The Lost Naval Papers. Bennet Copplestone
He felt somehow out of the picture. In the evening Dawson called at Cary's office and broke in upon him. "We had a splendid trip to-day," said he. "It exceeded my utmost hopes. Hagan thinks no end of your Notes, but he is not taking any risks. He leaves in the morning for Glasgow to do the Clyde and to check some more of your stuff. Would you like to come?" Cary remarked that he was rather busy, and that these river excursions, though doubtless great fun for Dawson, were rather poor sport for himself. Dawson laughed joyously—he was a cheerful soul when he had a spy upon his string. "Come along," said he. "See the thing through. I should like you to be in at the death." Cary observed that he had no stomach for cold, damp dawns and firing parties.

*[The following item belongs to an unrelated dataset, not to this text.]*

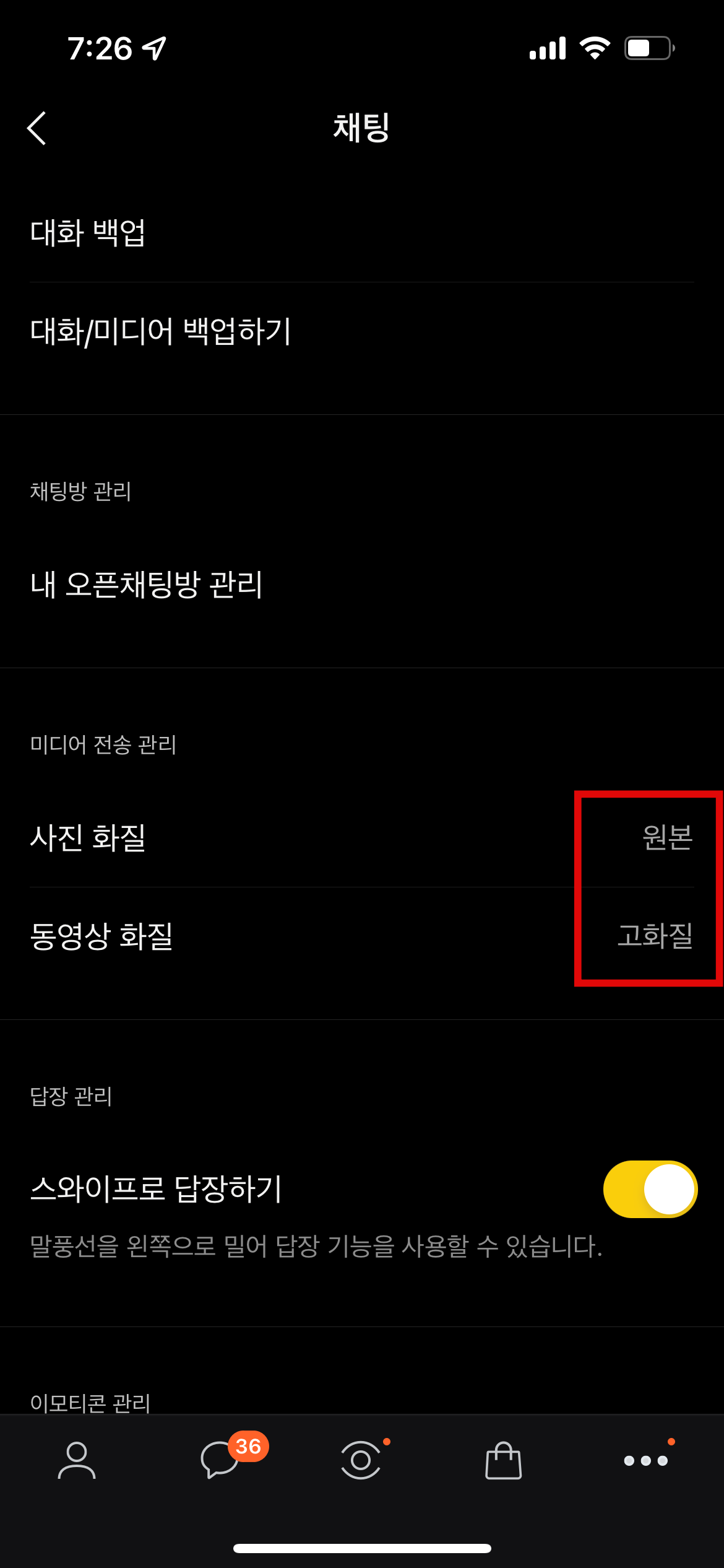 채팅 메뉴에 들어오시면, 중앙에 사진 화질과 동영상 화질이 있습니다.

"I did not quite mean that," replied Dawson. "Those closing ceremonies are still strictly private. But you should see the chase through to a finish. You are a newspaper man, and should be eager for new experiences."
"I will come," said Cary, rather reluctantly. "But I warn you that my sympathies are steadily going over to Hagan. The poor devil does not look to have a dog's chance against you."
"He hasn't," said Dawson, with great satisfaction.
Cary, to whom the wonderful Clyde was as familiar as the river near his own home, found the second trip almost as wearisome as the first. But not quite. He was now able to recognise Hagan, who again appeared as a brass-bounder, and did not affect to conceal his deep interest in the naval panorama offered by the river. Nothing of real importance can, of course, be learned from a casual steamer trip, but Hagan seemed to think otherwise, for he was always either watching through his glasses or asking apparently artless questions of passengers or passing deckhands. Again a sailor seemed disposed to be communicative; he pointed out more than one monster in steel, red raw with surface rust, and gave particulars of a completed power which would have surprised the Admiralty Superintendent. They would not, however, have surprised Mr. Cary, in whose ingenious brain they had been conceived. This second trip, like the first, was declared by Dawson to have been a great success. "Did you know me?" he asked. "I was a clean-shaven naval doctor, about as unlike the army colonel of the first trip as a pigeon is unlike a gamecock. Hagan is off to London to-night by the North-Western. There are two copies of your Notes. One is going by Edinburgh and the east coast, and another by the Midland. Hagan has the original masterpiece. I will look after him and leave the two other messengers to my men. I have been on to the Yard by 'phone, and have arranged that all three shall have passports for Holland. The two copies shall reach the Kaiser, bless him, but I really must have Hagan's set of Notes for my Museum."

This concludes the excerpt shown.